--- PROVIDED RECORDS Enclosed Below ---
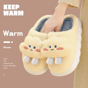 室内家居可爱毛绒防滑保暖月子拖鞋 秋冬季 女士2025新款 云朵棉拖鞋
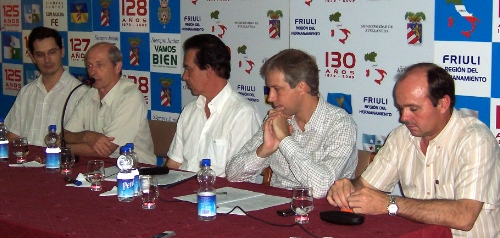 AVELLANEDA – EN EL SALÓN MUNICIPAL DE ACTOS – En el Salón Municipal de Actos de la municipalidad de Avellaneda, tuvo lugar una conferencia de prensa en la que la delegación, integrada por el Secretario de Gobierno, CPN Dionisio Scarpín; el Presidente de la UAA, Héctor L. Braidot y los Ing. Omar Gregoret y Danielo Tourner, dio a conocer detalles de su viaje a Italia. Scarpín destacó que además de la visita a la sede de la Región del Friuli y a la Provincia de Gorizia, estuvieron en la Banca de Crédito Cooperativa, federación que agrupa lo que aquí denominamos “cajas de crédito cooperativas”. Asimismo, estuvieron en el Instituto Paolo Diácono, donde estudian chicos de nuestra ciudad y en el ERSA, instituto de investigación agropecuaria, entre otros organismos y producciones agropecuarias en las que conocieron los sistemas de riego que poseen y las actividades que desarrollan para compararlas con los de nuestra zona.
--- End of Enclosed PROVIDED RECORDS ---
--- PROVIDED RECORDS Enclosed Below ---
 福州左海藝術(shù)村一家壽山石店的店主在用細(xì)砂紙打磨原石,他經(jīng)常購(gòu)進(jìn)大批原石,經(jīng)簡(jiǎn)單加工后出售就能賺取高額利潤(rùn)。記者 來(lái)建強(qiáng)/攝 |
--- End of Enclosed PROVIDED RECORDS ---
--- PROVIDED RECORDS Enclosed Below ---
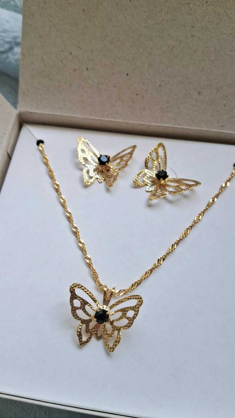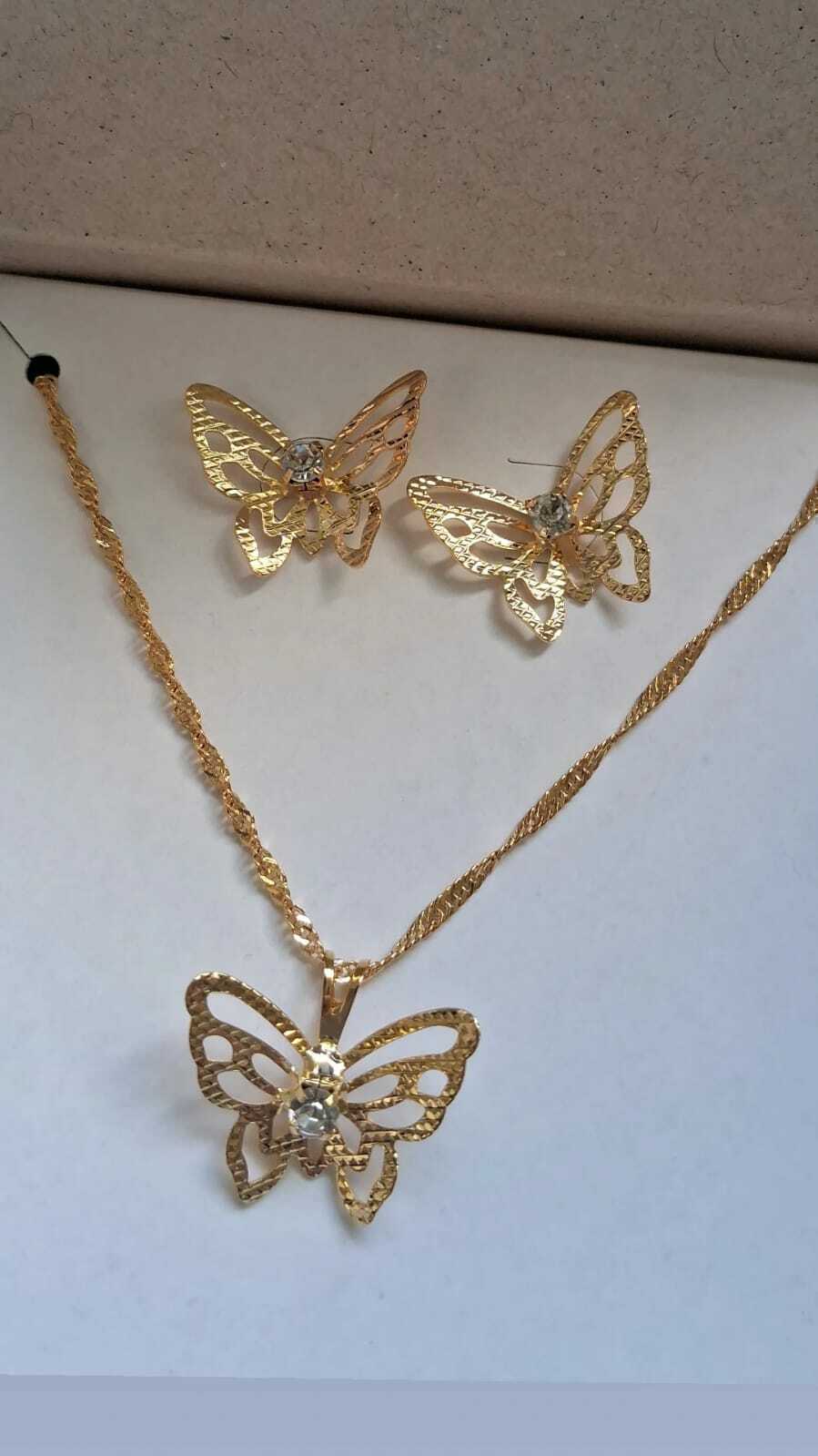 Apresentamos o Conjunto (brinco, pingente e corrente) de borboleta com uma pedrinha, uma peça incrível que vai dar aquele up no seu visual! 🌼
--- End of Enclosed PROVIDED RECORDS ---
— WHAT THE EXERCISE ASKS —
Copy word for word the span of the records above that begins at the line with "室内家居可爱毛绒防滑保暖月子拖鞋 秋冬季 女士2025新款 云朵棉拖鞋" and ends at the line with "AVELLANEDA – EN", including those two lines but not the pictures.

— OUTPUT FOR THIS EXERCISE —
 室内家居可爱毛绒防滑保暖月子拖鞋 秋冬季 女士2025新款 云朵棉拖鞋
 AVELLANEDA – EN EL SALÓN MUNICIPAL DE ACTOS – En el Salón Municipal de Actos de la municipalidad de Avellaneda, tuvo lugar una conferencia de prensa en la que la delegación, integrada por el Secretario de Gobierno, CPN Dionisio Scarpín; el Presidente de la UAA, Héctor L. Braidot y los Ing. Omar Gregoret y Danielo Tourner, dio a conocer detalles de su viaje a Italia. Scarpín destacó que además de la visita a la sede de la Región del Friuli y a la Provincia de Gorizia, estuvieron en la Banca de Crédito Cooperativa, federación que agrupa lo que aquí denominamos “cajas de crédito cooperativas”. Asimismo, estuvieron en el Instituto Paolo Diácono, donde estudian chicos de nuestra ciudad y en el ERSA, instituto de investigación agropecuaria, entre otros organismos y producciones agropecuarias en las que conocieron los sistemas de riego que poseen y las actividades que desarrollan para compararlas con los de nuestra zona.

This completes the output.